## PROBLEM TO WORK ON
What lines in the data hold the string "with"? Show them.

DATA FOR REVIEW Start Marker

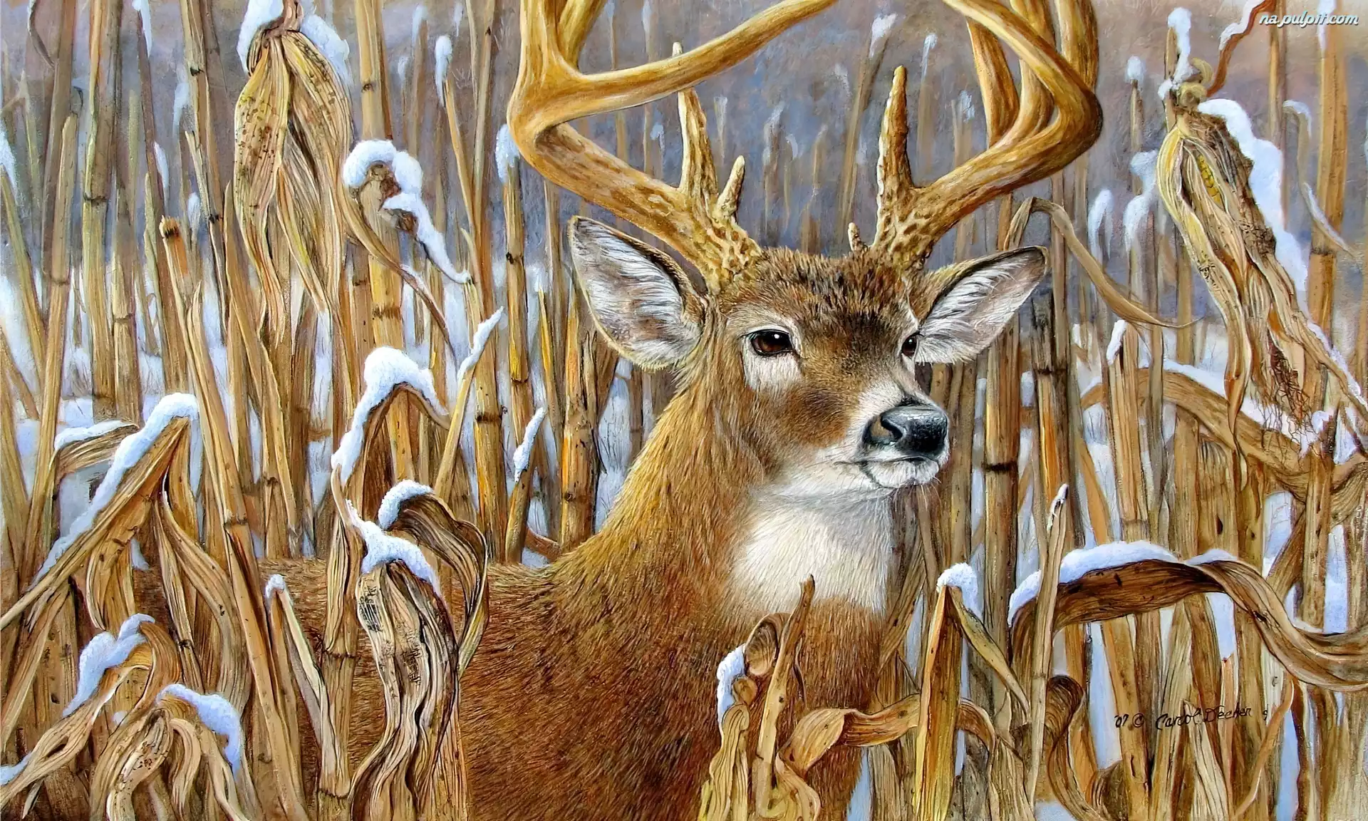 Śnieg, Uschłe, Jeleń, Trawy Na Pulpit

DATA FOR REVIEW End Marker
DATA FOR REVIEW Start Marker

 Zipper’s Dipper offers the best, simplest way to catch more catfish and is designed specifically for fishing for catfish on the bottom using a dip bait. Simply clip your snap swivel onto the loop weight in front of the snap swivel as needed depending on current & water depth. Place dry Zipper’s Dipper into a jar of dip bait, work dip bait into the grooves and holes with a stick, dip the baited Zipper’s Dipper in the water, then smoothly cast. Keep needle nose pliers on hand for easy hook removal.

DATA FOR REVIEW End Marker
DATA FOR REVIEW Start Marker

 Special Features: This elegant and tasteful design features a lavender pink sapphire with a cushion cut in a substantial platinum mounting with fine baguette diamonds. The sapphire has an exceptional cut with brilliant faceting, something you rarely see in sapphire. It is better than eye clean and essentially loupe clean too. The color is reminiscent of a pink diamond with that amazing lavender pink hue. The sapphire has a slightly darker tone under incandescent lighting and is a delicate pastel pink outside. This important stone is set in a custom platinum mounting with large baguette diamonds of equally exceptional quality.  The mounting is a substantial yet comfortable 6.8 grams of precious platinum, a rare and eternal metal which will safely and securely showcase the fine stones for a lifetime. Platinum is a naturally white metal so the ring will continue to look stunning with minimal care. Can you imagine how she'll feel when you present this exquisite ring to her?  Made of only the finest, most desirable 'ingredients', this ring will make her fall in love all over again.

DATA FOR REVIEW End Marker

## RESULT FOR THIS TASK
 Zipper’s Dipper offers the best, simplest way to catch more catfish and is designed specifically for fishing for catfish on the bottom using a dip bait. Simply clip your snap swivel onto the loop weight in front of the snap swivel as needed depending on current & water depth. Place dry Zipper’s Dipper into a jar of dip bait, work dip bait into the grooves and holes with a stick, dip the baited Zipper’s Dipper in the water, then smoothly cast. Keep needle nose pliers on hand for easy hook removal.
 Special Features: This elegant and tasteful design features a lavender pink sapphire with a cushion cut in a substantial platinum mounting with fine baguette diamonds. The sapphire has an exceptional cut with brilliant faceting, something you rarely see in sapphire. It is better than eye clean and essentially loupe clean too. The color is reminiscent of a pink diamond with that amazing lavender pink hue. The sapphire has a slightly darker tone under incandescent lighting and is a delicate pastel pink outside. This important stone is set in a custom platinum mounting with large baguette diamonds of equally exceptional quality.  The mounting is a substantial yet comfortable 6.8 grams of precious platinum, a rare and eternal metal which will safely and securely showcase the fine stones for a lifetime. Platinum is a naturally white metal so the ring will continue to look stunning with minimal care. Can you imagine how she'll feel when you present this exquisite ring to her?  Made of only the finest, most desirable 'ingredients', this ring will make her fall in love all over again.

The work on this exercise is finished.